Guided by this ethos, Executive Chef Liu leads a masterful team to elevate and redefine time-honoured classics, demonstrating their deep knowledge, technical expertise, and sincere passion. These include exquisitely handcrafted items from Dim Sum Chef Leong Kwok Sing and impeccably executed Peking duck, char siew, and other roast meats, all cooked using traditional open-flame techniques by seasoned specialists.
The menu—which includes a la carte dishes and tasting sets—changes with the seasons, ensuring peak freshness of ingredients and that every dish nourishes from within. The offerings are diverse, featuring flavourful double-boiled soups made with superior stock simmered for 12 hours with old hen and Jinghua ham, vibrant seafood dishes made with live produce delivered daily, and aromatic stir-fried dishes infused with the “dragon’s breath” in a cast iron wok specially forged in Hong Kong. Each dish highlights the millennia-old traditions of Cantonese cuisine, showcasing the chefs’ skill and dedication.
The new dining experience at Summer Palace features a beverage experience that is both rich in tradition and contemporary innovation. Led by a dedicated team of sommeliers and bartenders, guests are invited to discover and savour the flavours and aromas of fine Chinese teas and wines.
A tea-focused beverage programme that includes innovative tea-infused cocktails celebrates teas sourced from across China. A curated menu of “ The Classics”, “The Icons”, and “The Pinnacles” artfully presents the breadth and depth of Chinese tea; while tea sommelier Liu Tian expertly guides guests through this journey of discovery with a tableside tea ceremony.

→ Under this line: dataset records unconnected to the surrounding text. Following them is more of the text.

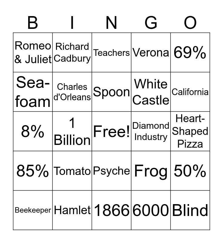 This bingo card has a free space and 33 words: Lupercalia, Herself, 1 Billion, Venus, 85%, Charles d'Orleans, 69%, Beekeeper, Richard Cadbury, Hugs, Spoon, Teachers, Cockroach, 10, Diamond Industry, California, Hamlet, 8%, Tomato, Frog, Psyche, 4, Romeo & Juliet, Heart-Shaped Pizza, 1866, Blind, Verona, White Castle, Sea-foam, 50%, Dolphin, 6000 and Rabbi.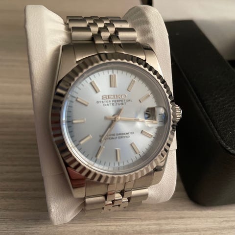 Flott seiko-mod, skrukrone og automatisk seiko urverk med ca. 40 timer gangreserve. Jubilee lenke. Reisepouch, ekstra ledd og verktøy for å bytte. Kommer med utstillingsholder. Klokken er å betrakte som ny.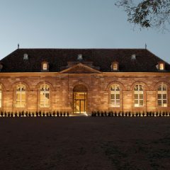 L’été, dans la paisible cour intérieure des Haras, une vaste terrasse prend place devant la somptueuse façade en grès des Vosges, classée au patrimoine de l’UNESCO.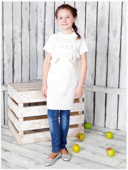 Dd101031-Платье с кружевом-вязаный трикотаж-(80LVL)-молочный-32(128) 8 630,00 руб.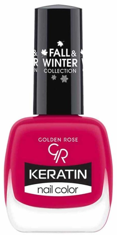 Lacul de unghii Keratin Nail Color de la Golden Rose este o formulă rezistentă, intens pigmentată, îmbogățită cu keratină, care asigură o acoperire perfectă și un luciu elegant al manichiurii.

The Chinese tea-tail (tea-led cocktail) menu layers the tea programme. Highlights include the Summer Palace Martini – a signature served on a cocktail trolley tableside – which features Brass Lion Summer Palace Edition Gin, Dancong Oolong, Pomelo, White Peony Tea, and house-infused goji berry liqueur. The Tie Guan Yin Old Fashioned combines Rye Whiskey, homemade Tie Guan Yin Whisky, Drambuie, Calvados, and bitters for a smoky twist on the cocktail classic. The Dragon Milk Punch, inspired by Cantonese milk tea, blends Da Hong Pao Milk Tea with whiskey, orange, ginger syrup, rosé wine, and roselle.
Alongside the tea-focused menus is an exceptional wine programme. Curated by Park90, the wine list showcases a selection of fine Chinese wines that explore the rich diversity and evolving excellence of Chinese viticulture. Celebrating the high-quality Chinese wines emerging both within China and internationally, the wine selection features boutique growers and artisanal vintners who prioritise quality over quantity, producing limited batches that capture the essence of their unique terroirs.